Uncreated, half-created, such a people was at the mercy of old black influences that lay in a sediment at the bottom of them. While they were quiet, they were gentle and kindly, with a sort of limpid naiveté. But when anything shook them at the depths, the black clouds would arise, and they were gone again in the old grisly passions of death, blood-lust, incarnate hate. A people incomplete, and at the mercy of old, upstarting lusts.

Somewhere at the bottom of their souls, she felt, was a fathomless resentment, like a raw wound. The heavy, bloody-eyed resentment of men who have never been able to win a soul for themselves, never been able to win themselves a nucleus, an individual integrity out of the chaos of passions and potencies and death. They are caught in the toils of old lusts and old activities as in the folds of a black serpent that strangles the heart. The heavy, evil-smelling weight of an unconquered past.
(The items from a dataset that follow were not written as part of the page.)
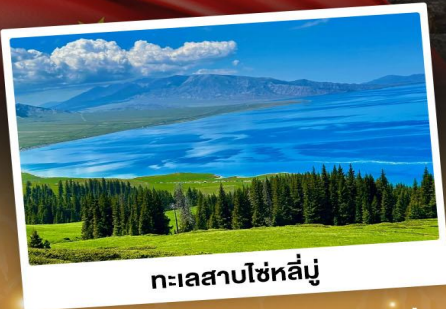
ทะเลสาบไซทูลูมู่

ชมวิวดอกดอกลังการแบบยุโรปผสมเอเชีย กุ้งหล्यानียิวฉ่า ทะเลสาบสีเทอร์ควอยซ์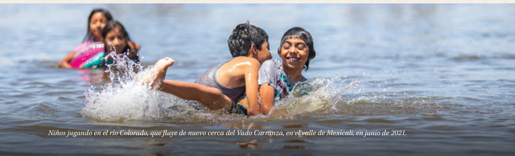
Niños jugando en el río Colorado, que fluye de nuevo cerca del Vado Carranza, en el valle de Mexicali, en junio de 2021.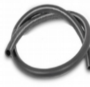
1 tubo di connessione FAP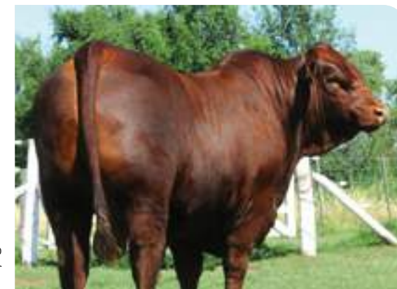
Tremendo tren posterior de Rosendo.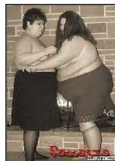
Где же наши принцы????!!11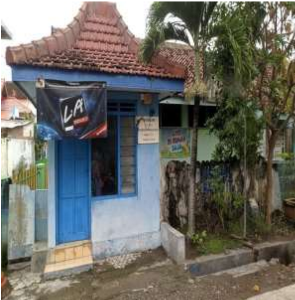
POS KAMPLING RT 11 RW 03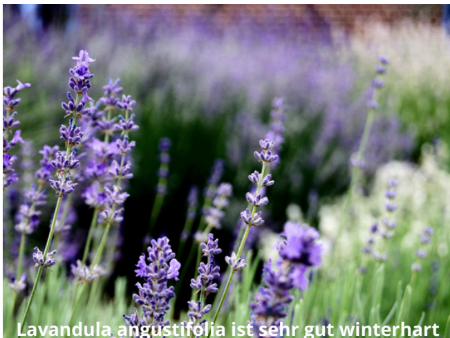
Lavandula angustifolia ist sehr gut winterhart

Zuallererst kommen wir zum Schopflavendel . Ich kann euch kurz und knapp sagen: nicht winterhart! Nicht interessant für mich. Diese Lavendelart schafft es bei uns in Deutschland nur als im CO2-Bilanz-negativen Gewächshaus vorgetriebene einjährige Zierpflanze auf euren Terrassentisch. Zu mehr taugt er nicht.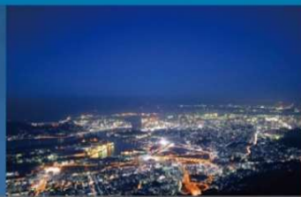
皿倉山山頂からの夜景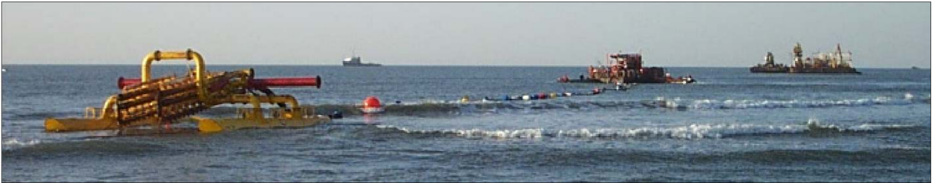
VISTA DA TERRA DELLA POSA A MARE (VISTA 3)

INTEC, 18 FEBBRAIO 2004, PRESENTAZIONE ALGERIA TO ITALY GAS PIPELINE

And under this weight they live and die, not really sorry to die. Clogged and tangled in the elements, never able to extricate themselves. Blackened under a too-strong sun, surcharged with the heavy sundering electricity of the Mexican air, and tormented by the bubbling of volcanoes away below the feet. The tremendous potent elements of the American continent, that give men powerful bodies, but which weigh the soul down and prevent its rising into birth. Or, if a man arrives with a soul, the maleficent elements gradually break it, gradually, till he decomposes into ideas and mechanistic activities, in a body full of mechanical energy, but with his blood-soul dead and putrescent.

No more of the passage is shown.